Tuesday, February 19, 2013

"In this revolution the citizens are in charge, not capital,"

Ecuador's Correa breezes to 2nd re-election

 Quito, Feb 18 A landslide second re-election secured, President Rafael Correa immediately vowed to deepen the "citizen's revolution" that has lifted tens of thousands of Ecuadoreans out of poverty as he expanded the welfare
state.
"In this revolution the citizens are in charge, not capital," the leftist US-trained economist said after winning 56.9 per cent of the vote yesterday against 23.8 per cent for his closest challenger, longtime banker Guillermo Lasso.

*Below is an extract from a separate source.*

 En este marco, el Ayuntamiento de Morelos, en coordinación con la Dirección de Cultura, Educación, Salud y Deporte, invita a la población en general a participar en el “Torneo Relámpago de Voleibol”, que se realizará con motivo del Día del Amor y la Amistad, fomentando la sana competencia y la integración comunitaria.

With 57 per cent of the vote counted, former President Lucio Gutierrez finished third with 6 per cent. The remainder was divided among five other candidates. Lasso conceded defeat late yesterday.
The fiery-tongued Correa has brought surprising stability to an oil-exporting nation of 14.6 million with a history of unruliness that cycled through seven presidents in the decade before him.

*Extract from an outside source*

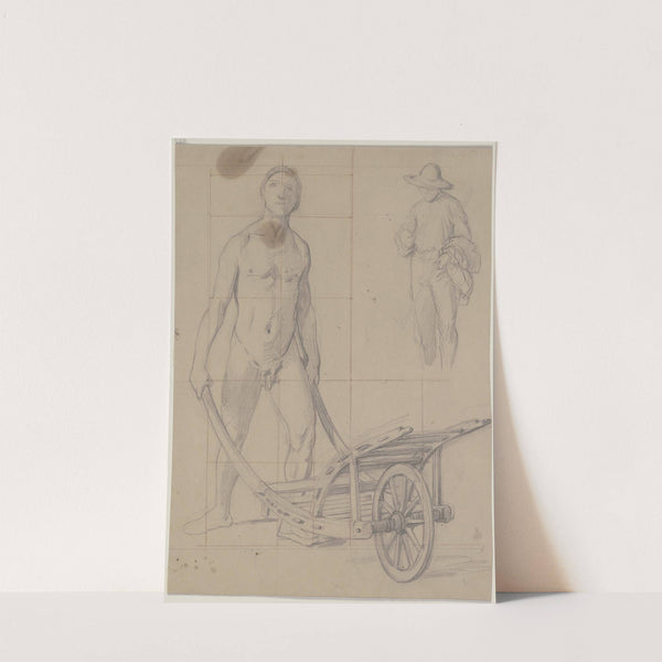 Studienblatt; Männlicher Akt mit Schubkarren, stehender Bauer by Jakob Becker

With the help of oil prices that have hovered around USD 100 a barrel, he has raised lower-class living standards and widened the welfare state with region-leading social spending.
The 48-year-old Correa dedicated his victory to his cancer-stricken friend President Hugo Chavez of Venezuela, who some analysts have suggested he could succeed as the standard-bearer of Latin America's left.

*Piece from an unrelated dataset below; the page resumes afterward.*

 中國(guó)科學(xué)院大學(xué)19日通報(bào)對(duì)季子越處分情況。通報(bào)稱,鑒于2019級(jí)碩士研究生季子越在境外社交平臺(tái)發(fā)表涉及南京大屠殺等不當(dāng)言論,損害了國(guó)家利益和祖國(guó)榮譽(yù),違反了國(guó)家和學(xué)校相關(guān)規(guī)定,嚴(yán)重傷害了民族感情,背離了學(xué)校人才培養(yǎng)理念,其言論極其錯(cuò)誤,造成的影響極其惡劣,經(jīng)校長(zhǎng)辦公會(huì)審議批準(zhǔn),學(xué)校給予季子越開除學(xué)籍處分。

"We are only here to serve you. Nothing for us.
Everything for you," Correa told cheering supporters from the balcony of the Carondelet presidential palace yesterday shortly after polls closed.
Yet Correa has also drawn wide rebuke for intolerance of dissent and some analysts have questioned how sustainable his economic policies are. The number of people working for the government has burgeoned from 16,000 to 90,000 during Correa's current term if office, Ecuador's nongovernmental Observatory of Fiscal Policy reported in December.
Michael Shifter, president of the Inter-American Dialogue think tank, called Correa's ramping up of social spending "simply applying the standard recipe for many populist governments in the region." While it succeeds in building
political support in the short term, he said, it is not clear whether it is sustainable.
And while Correa has shown himself to be the "undisputed rhetorical leader of Latin America's left" and should now see his standing enhanced there Shifter said Correa's consolidation of power have damaged Ecuador's "already precarious institutions" and he lacks the clout, the ambition
and the coffers to build a coalition that could curtail US power in the region.